Rabu, 20 April 2011

Malin Kundang dan Juliet

Poto Pantai Air Manis


Adalah itu suatu waktu di Provinsi Sumatera Barat yang konon kata para tetua terjadi sangat dahulu kala. Jika mau lebih detail biar kelihatan keren maka itulah tempat yang entahlah siapa yang memberi nama dengan nama panggilan daerah Pantai Air Manis, di sebelah selatan kota Padang, Sumatera Barat. Jika ada yang begitu lancang memberi nama ‘pantai’ maka pastilah di daerah itu merupakan daerah yang punya laut yang biru indah bak rembulan yang dibelah dua dengan pisau silet merek ternama. Oh permisalanku sungguh tak nyambung tapi biarlah, toh tiada berdosa.

Di daerah pesisirnya tidaklah mati satu keluarga miskin yang sangat mengagumkan miskinnya, memprihatinkan malah. Lihatlah itu baik-baik, rumah keluarga pesisir itu, atapnya adalah sebuah produk atap yang terbaru dan termutakhir di jaman itu. Ya itulah dia, atap yang terbuatlah dia dari anyaman daun Ijuk yang dikeringkan dan dianyam dengan rotan yang dibelah-belah sehingga jadilah seperti benang yang kokoh, yang lebih populer dengan nama Atap Rumbia.

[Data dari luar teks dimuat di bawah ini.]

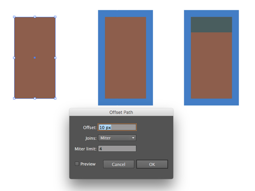 构建一个60 x 119 px的矩形(#8a5e48)并转到对象>路径>偏移路径,将偏移值设置为10 px。将轮廓颜色更改为#447cc9。

Dan lihatlah dinding rumah itu, ya, dia memiliki estetika natural yang sangat menyatu dengan alam atau lebih sopan jika disebut berlubang disana-sini. Dinding ini memberikan porsi yang lebih besar pada fungsi sirkulasi udara segar agar lebih banyak yang keluar masuk, sehingga rumahpun terasa sejuk menyehatkan. Jika dipandang-pandang ternyata dinding rumah ini juga memiliki warna yang nyaman dipandang mata, efek selang seling berbentuk seni rajutan lokal sungguh suatu hal yang menakjubkan. Ya, tak lain tak bukan, dinding anyaman bambu kering nama merek dagangnya dan popular sekali di kalangan masyarakat pesisir saat dahulu yang kala itu.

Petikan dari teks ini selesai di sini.